Production of domestic sustainable aviation fuel (SAF) has grown rapidly in recent years, driven in part by Biden administration incentives. But early moves by the Trump administration are fueling uncertainty about what will come next.

Adam Schubert
"Carrots are being taken away, and we still don't have any sticks," said Adam Schubert, senior associate for the transportation fuels consulting firm Stillwater Associates, adding that it now seems less likely the U.S. will produce 3 billion annual gallons of SAF by 2030, enough to account for 10% of U.S. aviation fuel consumption, a Biden administration target.
Airlines also have ambitious SAF commitments. IATA estimates that SAF will be responsible for 65% of the emissions reductions that will be required for the industry to achieve its goal of net-zero emissions by 2050, also adopted by the United Nations aviation arm.
Last year, U.S. facilities produced 38.7 million gallons of SAF, according to Environment Protection Agency figures, compared to 14 million gallons in 2023 and 7.9 million gallons in 2022.
Fueled by recent and upcoming launches of SAF production by Phillips 66 and Valero and capacity increases by specialized renewable energy producers, SAF production capacity in the U.S. will reach nearly 800 million gallons this year, according to an estimate generated jointly by the Department of Agriculture and the University of Illinois.
A major driver of recent production surges was an Inflation Reduction Act program that provided tax credits of between $1.25 and $1.75 per gallon to purchasers of SAF, depending on the emissions reductions offered by the particular fuel product. The credits were key to spurring demand for SAF, which costs about $2 more per gallon than conventional jet fuel, said Stillwater's Schubert, citing figures from the energy industry data provider OPIS.
But that tax credit program expired at the end of 2024 and is slated to be replaced by a new program that would provide sliding tax credits from 1 cent to $1.75 per gallon directly to producers through 2027. The Biden administration belatedly released guidance for its implementation on Jan. 10, but it will be up to the Trump administration to finalize the regulations and initiate the tax credits.
For now, that process is on hold in accord with a 60-day freeze on all regulatory development put in place by the president via an Inauguration Day executive order. Such stays have become routine during recent transitions to give the new administration time to get up to speed. But Trump's hostility to climate initiatives is sowing doubts about how long the administration will take to complete the regulatory rulemaking, or even whether it will implement the tax credit program at all.
"It's going to be completely unpredictable," said Fayaz Hussain, editor of the trade publication SAF Investor. "You can never tell how Trump will perceive something. Everything is going under the microscope."
Such uncertainty has the potential to slow SAF production, said Hussain and Schubert, since the tax credits are key to spurring purchase demand from airlines that can't afford to pay the full SAF premium and because energy companies will want to calibrate production accordingly.
Adding to the uncertainty are other steps the new administration has taken.

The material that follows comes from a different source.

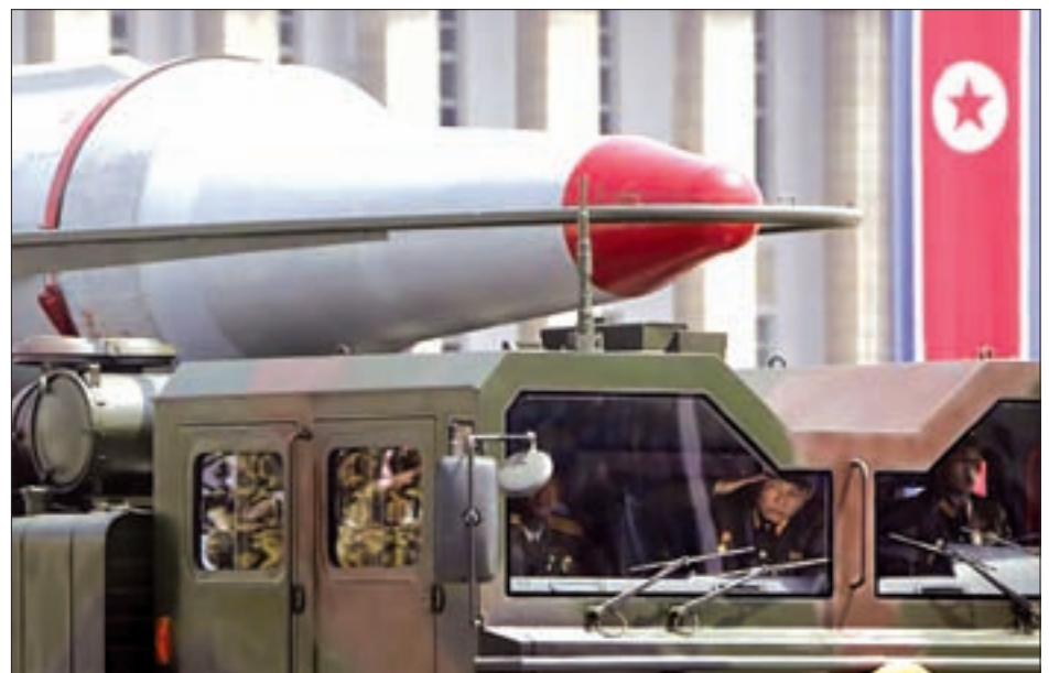
File photo of North Korean soldiers as they salute in a military vehicle carrying a missile during a parade to commemorate the 60 th anniversary of the signing of a truce in the 1950-1953 Korean War, at Kim Il-sung Square in Pyongyang.

The first of the two launches was carried out on the birthday of North Korea's late founder

On Jan. 28, the Department of Energy delayed delivery of $782 million in loan proceeds to Montana Renewables, the first half of a $1.44 billion loan deal the department under Biden closed on Jan. 10. Montana Renewables will use the loan to increase its annual SAF production capacity from 60 million to 300 million gallons.
In a statement, the company described the delay as a tactical one by the Energy Department to make sure the loan aligns with White House priorities.

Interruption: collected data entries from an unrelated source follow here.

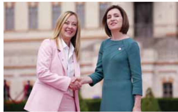
Moldova's President Maia Sandu, right, greets Italy's Prime Minister Giorgia Meloni during arrivals for the European Political Community Summit at the Mimi Castle in Bulboaca, Moldova on Thursday.

The EU, represented at the summit by the bloc's top diplomat, Josep Borrell, European Commission President Ursula von der Leyen and European Council President Charles Michel, wants to use the summit to reach out to many Eastern European countries that spent decades either within the Soviet Union or under its immediate sphere of influence, and to bolster the conti-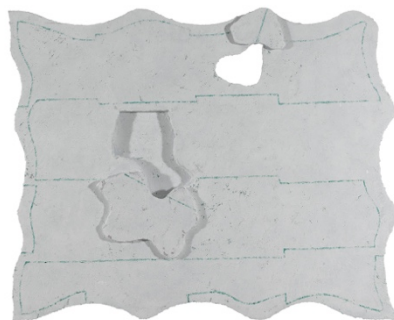
Yan Bo Untitled 1 Mixed Media on linen board 130 x 162 cm 2013

These uncharted traces are the proof of my existence, also the evidence of my soul. I feel the urge of doing this, and I'm happy with it.” — Yan Bo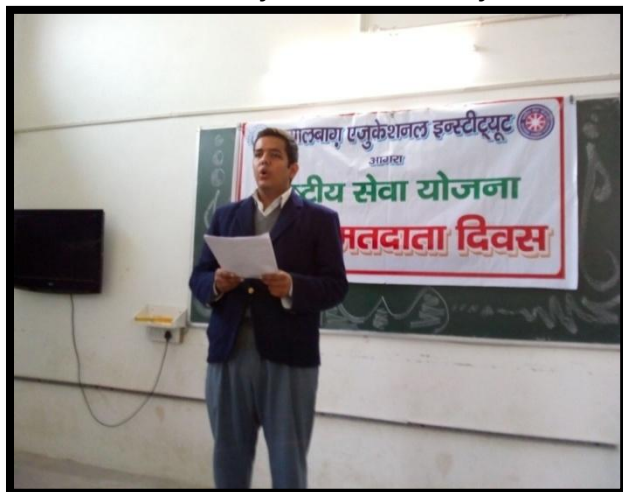
Inter-faculty Speech Competition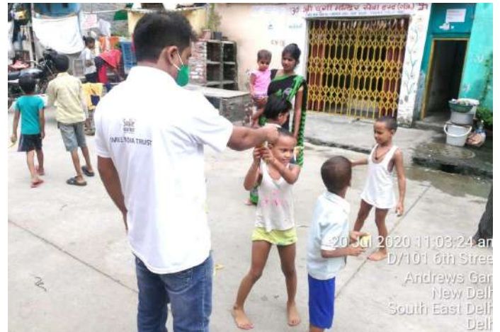
20 Jul 2020 11:03:24 am D/101 6th Street Andrews Ganj New Delhi South East Delhi Delhi

The Trump administration has also removed some federal webpages related to SAF initiatives, including sites detailing the $244.5 million in grant funding the FAA allocated last year to SAF projects.
Those developments aside, SAF stakeholders say their industry aligns with other Trump priorities. Corn-based ethanol, for example, is expected to be a major source of SAF.
Alison Graab, executive director of the SAF Coalition, whose members include producers, airlines and others in the SAF value chain, said SAF can help the Trump administration's plans for "American energy dominance."
"Helping rural communities create jobs, creating new agricultural markets -- all of that ties into the new administration's goals," she said.

Scott Lewis
Scott Lewis, a division president for World Energy, which this year expects to produce 30 million gallons of SAF at its Paramount, Calif., refinery, offered a similar take. "Each administration has its own agenda of what it is trying to achieve. It is industry's role in this to tell them how we can help achieve it," he said.
Lewis added he has little doubt the new tax credit program will go forward, but "what we want to see first and foremost is continuity," he said. "Tell us the rules and let's go."
Schubert said that dynamics in Congress could also be helpful to the SAF industry. Farm state Republicans are likely to push for SAF initiatives even if many in their party view the issue through the lens of climate policy.
But at least in the short term, the only policy continuity that SAF producers can be confident of will come from the small group of states that have developed their own packages of SAF incentives, including Washington, Illinois and Minnesota.
"The only silver lining I see is state support," Hussain said. "States are probably going to remain committed to this."